In order to implement this behavior, we first need to traverse up the hierarchy and find the background color and then down to propagate it, but stop at nodes that have set background colors. This means that we have to implement two different algorithms: one for the initial rendering and one for the update.

The complexity of this example as explained is small enough that it is easy to maintain the same invariants. But in practice, this algorithm is a bit more complex: we don't forward the color for transparent nodes nor for the image component in certain cases... We also experimented with more conditions that we didn't end up using.

Dirty-up and execute top-down

What would be great is to just write the top-down recursive algorithm you learn in school to apply colors however you want and whenever there's a mutation just re-run it on the entire tree. The problem with that approach is that you're going to spend a lot of CPU time running this algorithm on the entire tree when you only need to update a few nodes.

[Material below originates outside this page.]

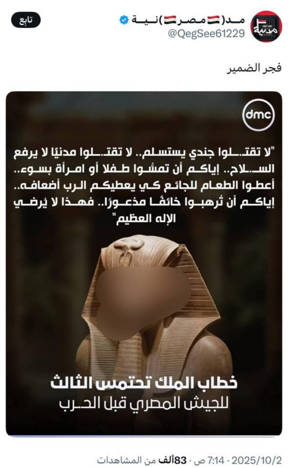 فالكلام اللي في الصورة مقتبس من وصايا الإسلام في الحرب، مش من النقوش المصرية.. وإحنا محتاجين نفرّق بين الفخر المشروع بالماضي، وبين اختراع نصوص مالهاش سند علشان نجمّل الصورة”.

Instead, you can dirty the node you are mutating and all the nodes up to the root.

Then, run your algorithm top-down starting at the root.

You need to implement a way to figure out if a non-dirty node needs to be recomputed. The strategy we use is to cache all the arguments of getColor, for example (parentColor, nodeColor, isNodeText, ...) along with the result. If we're being called with the same arguments and the node is not dirty, then we don't need to go further and can just bail. The pseudo code looks like this:

function getColor(isDirty, prevArgs, prevValue, nextArgs) {
  if (isDirty || prevArgs !== nextArgs) {
    return realGetColorRecursive(...nextArgs);
  }
  return prevValue;  
}

Conclusion

The benefits of this technique is that you can write your business logic once in a traditional top-down recursive way. You don't need to care about the much harder update case.

The downside is that you are doing more work: instead of touching only the elements that have changed, you need to traverse everything up from the root.

Another downside is that it requires more infrastructure as you need to add a caching layer and refactor your code to add a pass that starts at the top.

We're making use of this technique for a few aspects of React Native:

  • Background color is propagation as explained in this article.
  • Computing the layout (top, left, width, height) values based on the css attributes (eg marginTop, flex: 1...).
  • Flag if a text node is the root of the tree of text nodes to be able to flatten it into a single native view.
  • Flag if a node only affect layout and doesn't paint anything so that it can safely be removed from the UI tree.